Effect of sphingosine kinase 1 on the apoptosis, migration and invasion of colon cancer HT-29 cells and its molecular mechanisms.
- Author:
Shi-quan LIU
1
;
Meng-bin QIN
;
Jie-an HUANG
;
Yue-yuan ZHONG
;
Guo-du TANG
;
Hai-xing JIANG
Author Information
- Publication Type:Journal Article
- MeSH: Apoptosis; drug effects; Carcinogens; administration & dosage; pharmacology; Cell Movement; drug effects; Cell Proliferation; drug effects; Dose-Response Relationship, Drug; Enzyme Inhibitors; administration & dosage; pharmacology; HT29 Cells; Humans; MAP Kinase Kinase 4; metabolism; Neoplasm Invasiveness; Phosphorylation; Phosphotransferases (Alcohol Group Acceptor); metabolism; physiology; Sphingosine; administration & dosage; analogs & derivatives; pharmacology; Tetradecanoylphorbol Acetate; administration & dosage; analogs & derivatives; pharmacology; Time Factors; p38 Mitogen-Activated Protein Kinases; metabolism
- From: Chinese Journal of Oncology 2011;33(3):178-182
- CountryChina
- Language:Chinese
-
Abstract:
OBJECTIVETo investigate the effect of sphingosine kinase 1 (SphK1) on the proliferation, apoptosis, migration and invasion of colon cancer TH-29 cells and to explore its molecular mechanisms.

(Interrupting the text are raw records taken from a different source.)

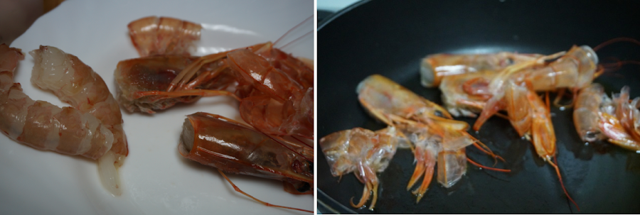 Pelamos los langostinos, quitamos las cabezas y la cáscara del cuerpo. Ponemos una cazuela con un buen chorro de aceite, añadimos las cabezas y cáscaras de los langostinos. Dejamos que suelten todo el sabor en el aceite. Las sacamos y las podemos añadir al caldo del pescado.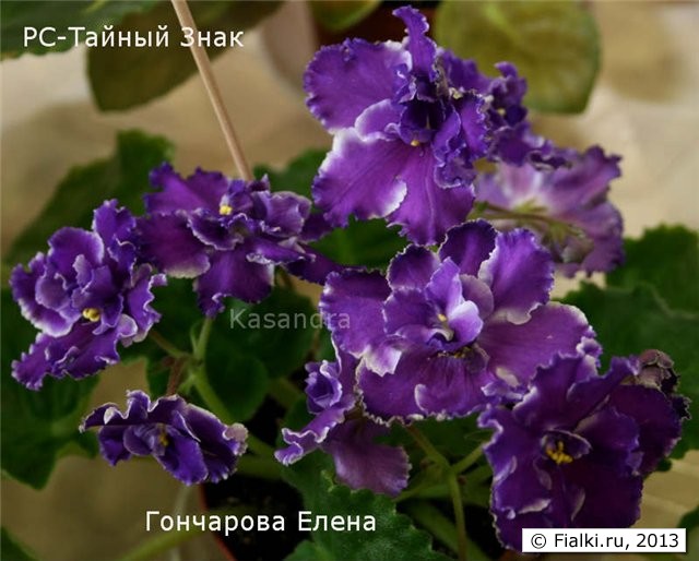 РС Тайный Знак. Сорт 2009 года. Шикарный букет полумахровых, гофрированных сине-фиолетовых цветов с белыми краями и белым глазком прекрасно гармонирует со средне-зелёной заострённой листвой (Описание автора). От себя скажу, сорт мне понравился, первое цветение и шапочка цветов, мало белого, но это поправимо, надо поставить в прохладное место.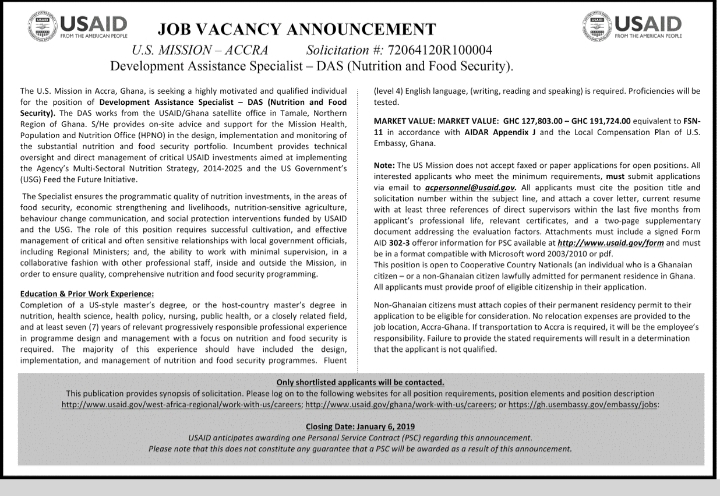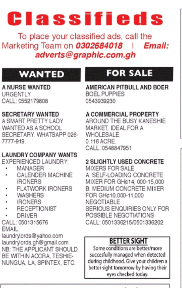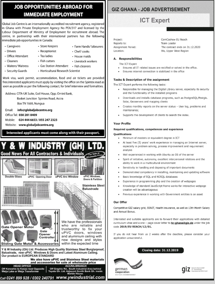 Prospective job seekers can find below the advertised jobs in the December 23, 2019 edition of Daily Graphic as published today in the paper.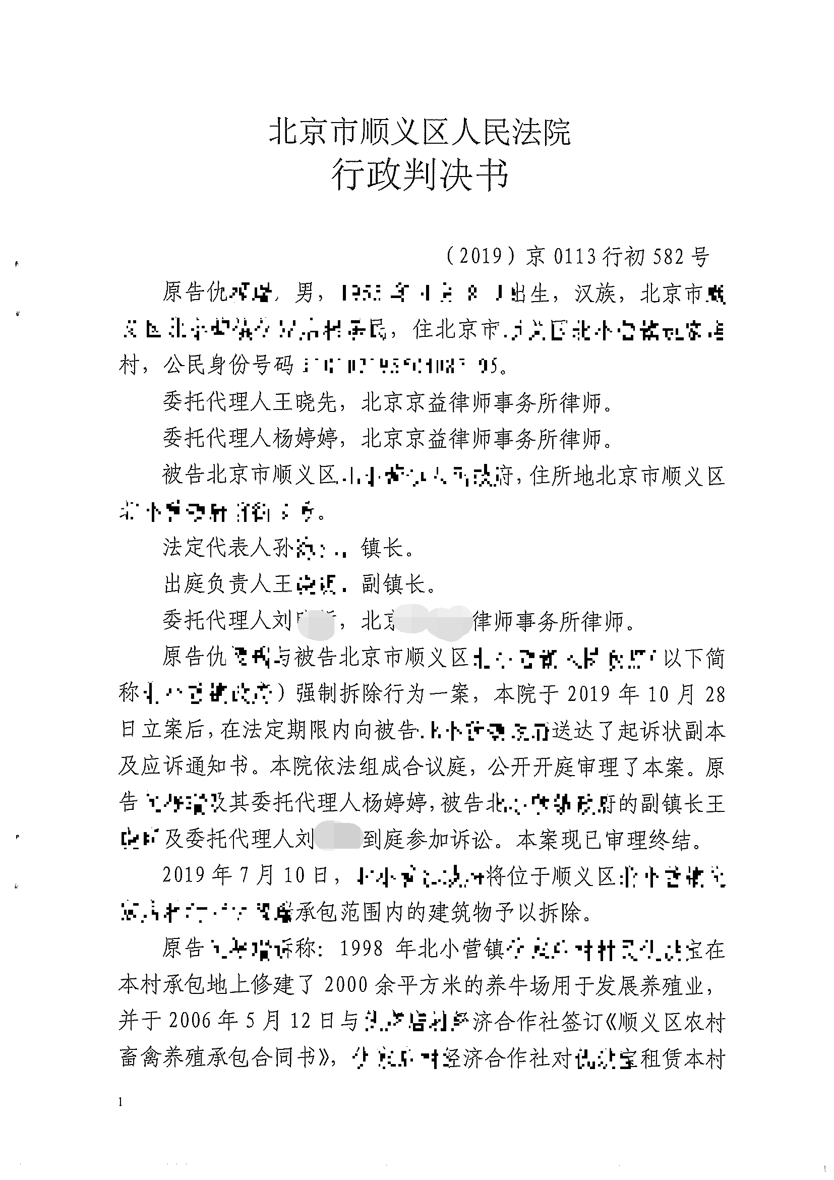 仇先生是北京顺义区人。2007年仇先生经村委会同意,与他人签订买卖合同,将1998年在其承包地上修建的2000余平方米养牛场买入,并一直从事合法养殖活动。2019年7月10日,当地镇政府组织人员、设备对养牛场及附属设施实施了强制拆除,给仇先生造成了重大财产损失的同事,在当地造成恶劣影响。养牛场拆除后,仇先生随即选择委托我们德凯律师团,维护自身正当权益。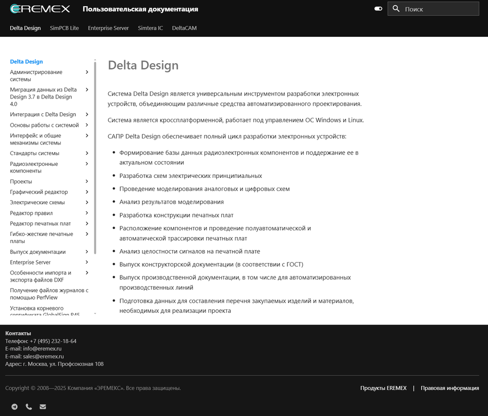 Для удобства пользователей создан сайт документации по продуктам ЭРЕМЕКС docs.eremex.ru. На сайте в структурированном виде представлена документация по Delta Design, SimPCB Lite, Enterprise Server, Simtera IC, DeltaCAM, обеспечивается поиск.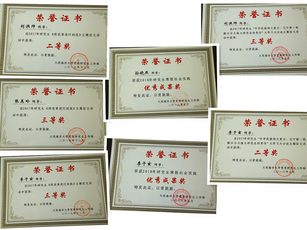 近日,我校研究生院对上半年的征文活动及2018年研究生寒假社会实践进行了评选,我院研究生表现突出,屡创佳绩。其中,刘洪帅、李子玄在《将改革进行到底》主题征文活动中分别荣获二、三等奖;李子玄、刘洪帅、张美玲在“中华民族伟大复兴、辽宁新一轮振兴与大海大研究生的责任”大学习大讨论主题征文活动中分别荣获二等奖、三等奖;李子玄、孙晓燕在2018年研究生寒假社会实践活动中分别荣获“优秀成果奖”。我院也荣获2018年研究生寒假社会实践“优秀组织单位”。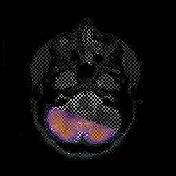 Click on sagittal image to select slice. Click on thin tickmark to change timepoint, or thick tickmark for overlay.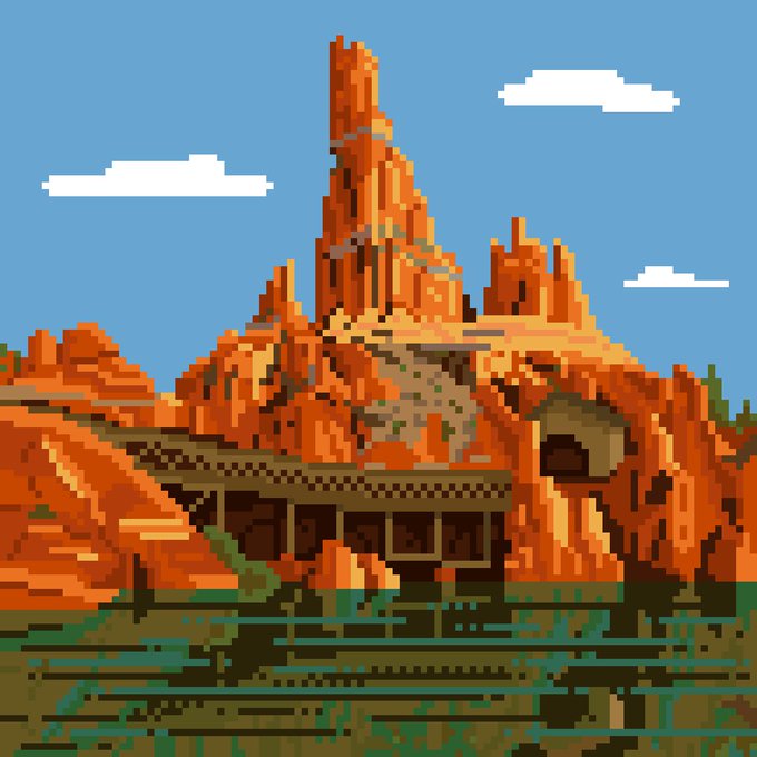 Octobit 2022: 06 - Gold Mine Big Thunder Mountain, the Disneyland Paris version. #bigthundermountain #disneylandparis #disneyparks #frontierland #disneyland #octobit22 #octobit #octobit2022 #pixeltober #pixeltober2022 #inktober #inktober2022 #dailyart #pixel_dailies #pixelart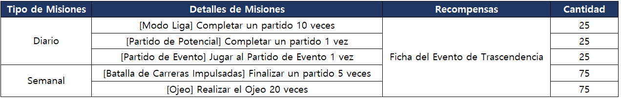 ▼ Misión del Evento de la Trascendencia de Jugador
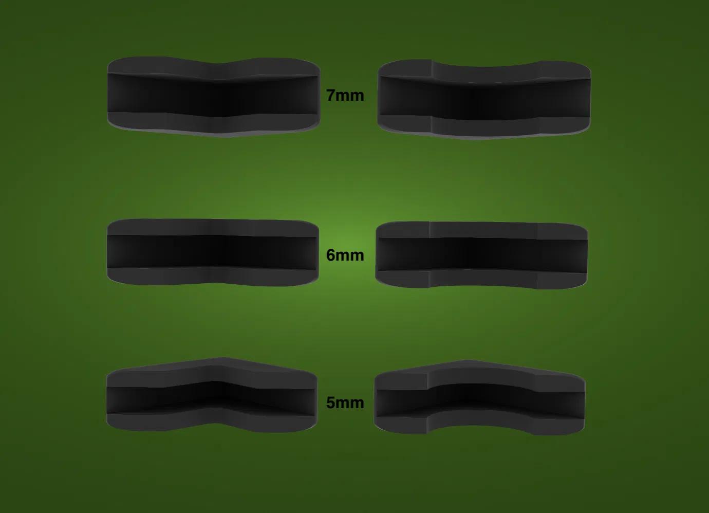 Bộ corner guard nhỏ 30×30mm gồm 2 kiểu (khoét tròn hoặc chữ nhật bo góc) với 3 độ dày lỗ trong 5/6/7mm. Tối ưu cho TPU, dễ scale, in dọc dạng kim tự tháp, infill ≤15%.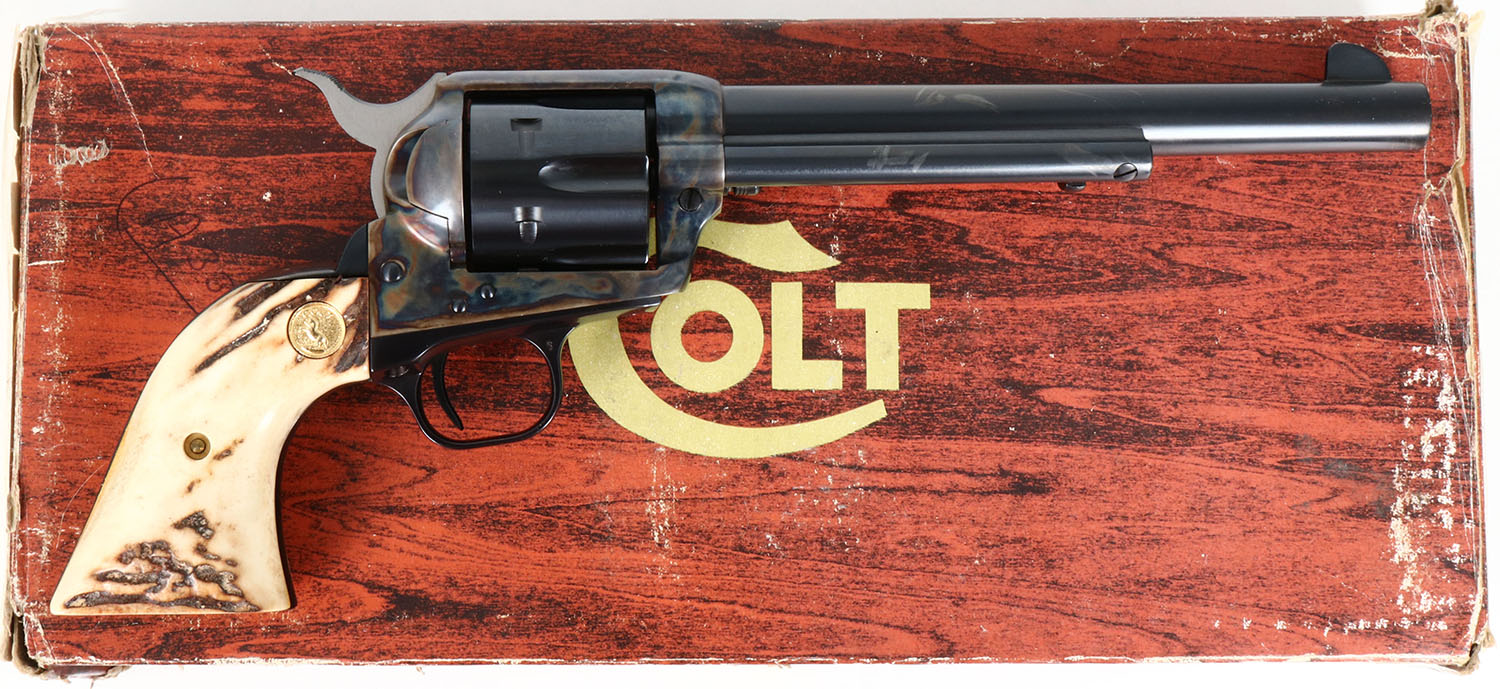 BOXED Colt, Single Action Army (P1870), CAL: .45 COLT, MFG: 1978-93, SN: SA11750. Single Action Revolver, 7 1/2'' barrel. The top of the barrel is marked ''COLT'S PT F.A. MFG. CO. HARTFORD CT. U.S.A.'', The left side of the barrel is marked ''COLT SINGLE ACTION ARMY 45''. The left side of the frame is marked with the Rampant Colt logo above the trigger guard & next to patent dates. The full SN can be found on the frame. The fantastic original stag & Rampant Colt medallion grips are excellent. The factory metal blue finishes rate 99%. The case-hardened frame displays vivid case-colors. Bore is excellent & bright. The barrel holds a blade front sight. Comes in the original factory wood grain box, with Colt ''Congratulations'' letter, hang tag, Owner instruction booklet & other pamphlets. FFL Req. - Value: 1500 to 2500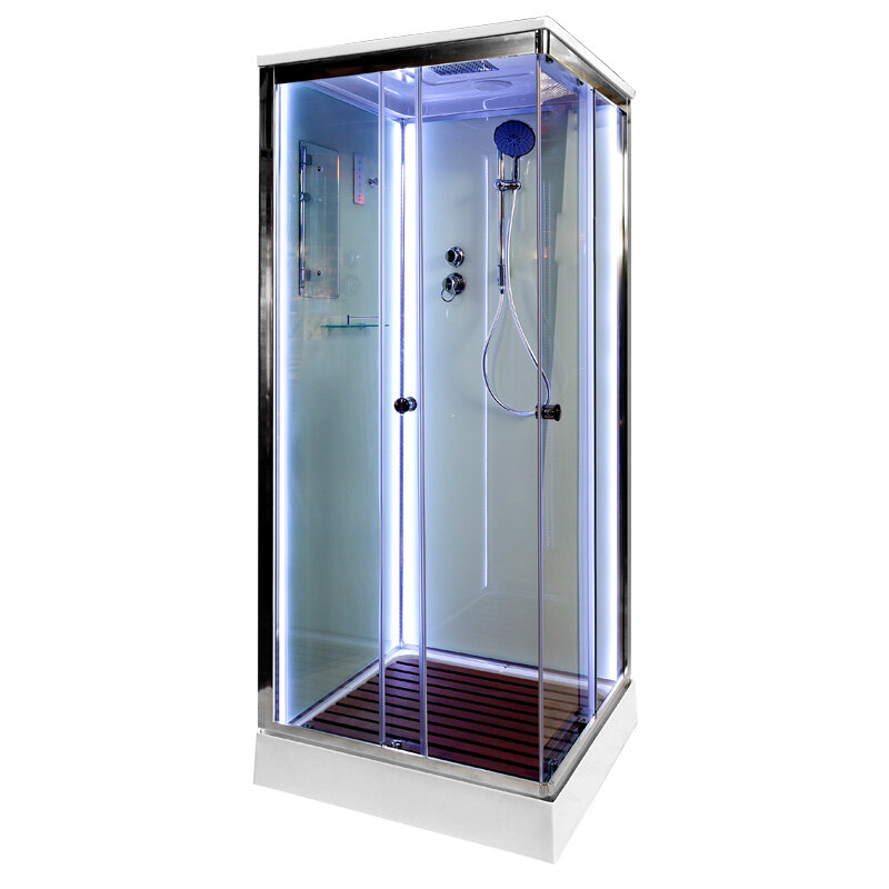 Душевая кабина Deto K409S 90x90 LED с электрикой прозрачная/хром

METHODSPhorbol 12-myristate 13-acetate (PMA) was used to induce the activity of SphK1 and N, N-dimethylsphingosine (DMS) was used to suppress the activity of SphK1. Cell prolieration and apoptosis were detected by MTT assay and flow cytometry, respectively. The migration and invasion capabilities of the cells were assessed in Transwell chambers. The activity of SphK1 was assayed by autoradiography. Western blot was used to evaluate the protein expression of SphK1, p38, phosphorylated p38 (p-p38) and SAPK/JNK.
RESULTSPMA and DMS were able to induce and suppress the activity and protein expression of SphK1 in a time-dependent manner, respectively. PMA enhanced and DMS suppressed the cell viability in a time- and dose-dependent manner. Being treated with 100 nmol/L PMA or 50 µmol/L DMS for 0, 6, 12, 24 h, the cell apoptosis rates of PMA group were (9.35 ± 0.84)%, (7.61 ± 0.48)%, (5.53 ± 0.76)% and (0.56 ± 0.33)%, contrastly, that of DMS group were (9.18 ± 0.94)%, (12.06 ± 1.41)%, (19.80 ± 2.36)% and (31.85 ± 3.60)%, respectively. Compared with the control group, the cell migration and invasion capabilities of the PMA group were significantly enhanced, and that of the DMS group were significantly suppressed. The migration cell number of control, PMA and DMS groups were 68.75 ± 6.15, 109.33 ± 11.63 and 10.83 ± 2.48, the invasion cell number of control, PMA and DMS groups were 55.42 ± 4.50, 90.58 ± 7.06 and 9.58 ± 2.39, respectively. With the elevating activity and expression of SphK1, the protein expressions of p38, p-p38 and SAPK/JNK were strikingly suppressed. On the contrary, after treating with DMS the protein expressions of p38, p-p38 and SAPK/JNK were enhanced.
CONCLUSIONSSphK1 potently enhances the prolieration, migration and invasion of colon cancer HT-29 cells, meanwhile suppresses the cell apoptosis. The suppressing of the p38 and SAPK/JNK signalling pathways may be one of its molecular mechanisms.